Repeat these records exactly, pictures excluded.
##########
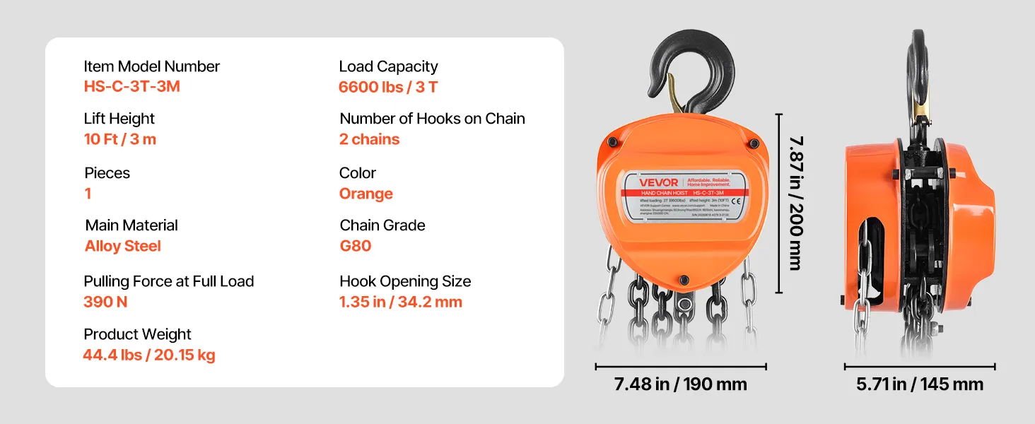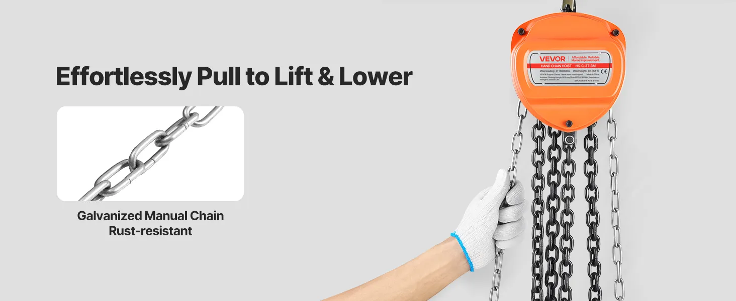 VEVOR manuālais ķēdes pacēlājs, 3 t, G80 cinkota ķēde, 3 m pacelšana, oranžs
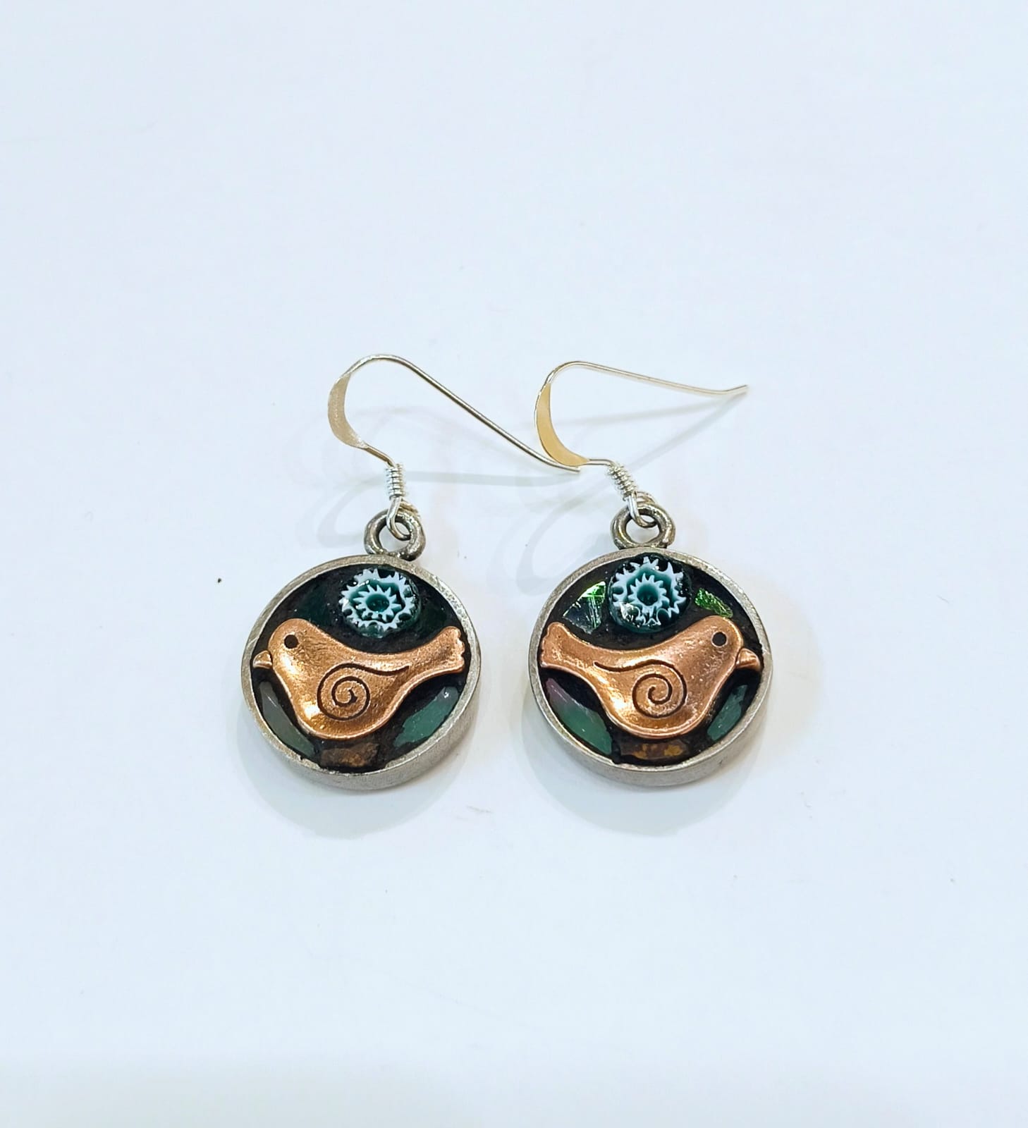 Why not add a pop of colour to your wardrobe with these circular bird earrings.
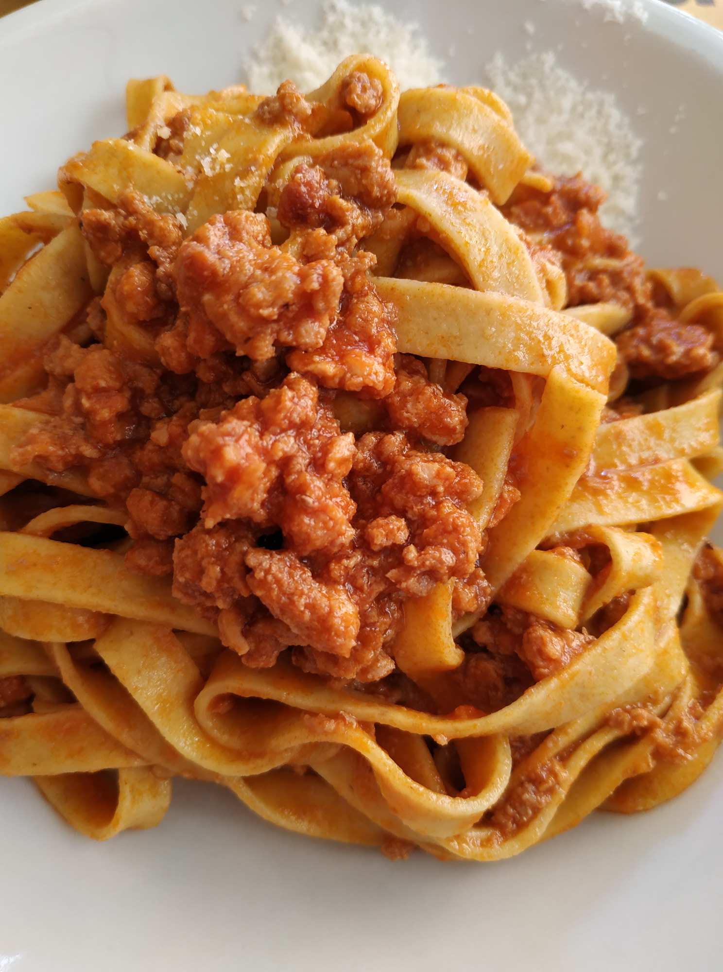 Später ganz klassisch Tagliatelle mit Ragu in einer Osteria mit lustigen Namen (Bären sind neben Elefanten meine Lieblingstiere)
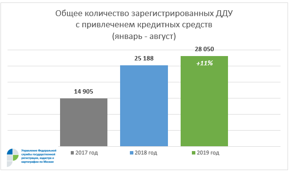 В частности, Мария Макарова рассказала, что с января по август 2019 года столичным Росреестром зарегистрировано более 73 тыс. договоров долевого участия, включая жилье и нежилье, – из них почти 40% (28 050 ДДУ) оформлено с применением кредитных средств. В сравнении с аналогичным периодом прошлого года (25 188 ДДУ) показатель увеличился на 11%. При этом еще двумя годами ранее в Москве за указанный период (14 905 ДДУ) зарегистрировано практически вдвое меньше договоров участия в долевом строительстве с привлечением кредитов.
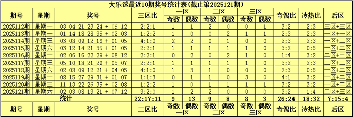 总而言之,大乐透第2025122期前区三区比看好2:2:1。
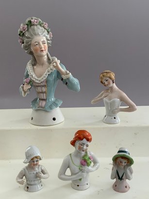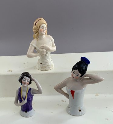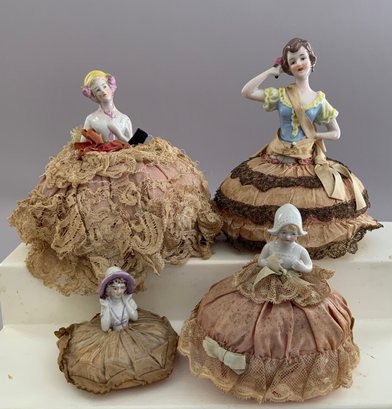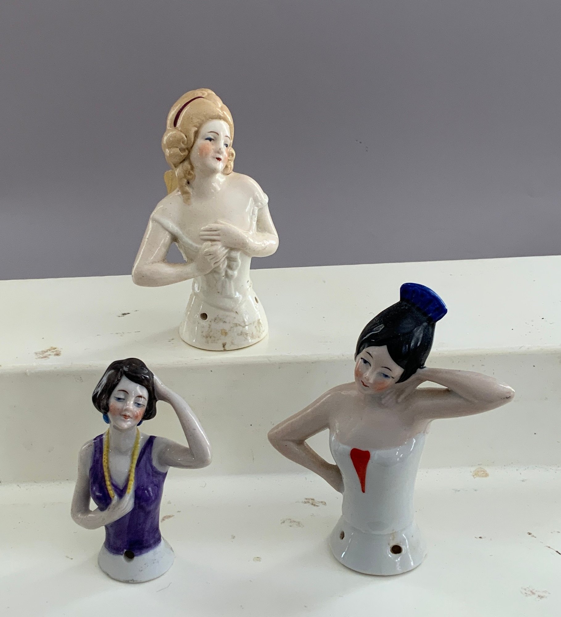 Lot of 12 assorted half dolls & half doll pin cushions, 2” – 7”
##########
• [Worked solution]
 VEVOR manuālais ķēdes pacēlājs, 3 t, G80 cinkota ķēde, 3 m pacelšana, oranžs
 Why not add a pop of colour to your wardrobe with these circular bird earrings.
 Später ganz klassisch Tagliatelle mit Ragu in einer Osteria mit lustigen Namen (Bären sind neben Elefanten meine Lieblingstiere)
 В частности, Мария Макарова рассказала, что с января по август 2019 года столичным Росреестром зарегистрировано более 73 тыс. договоров долевого участия, включая жилье и нежилье, – из них почти 40% (28 050 ДДУ) оформлено с применением кредитных средств. В сравнении с аналогичным периодом прошлого года (25 188 ДДУ) показатель увеличился на 11%. При этом еще двумя годами ранее в Москве за указанный период (14 905 ДДУ) зарегистрировано практически вдвое меньше договоров участия в долевом строительстве с привлечением кредитов.
 总而言之,大乐透第2025122期前区三区比看好2:2:1。
 Lot of 12 assorted half dolls & half doll pin cushions, 2” – 7”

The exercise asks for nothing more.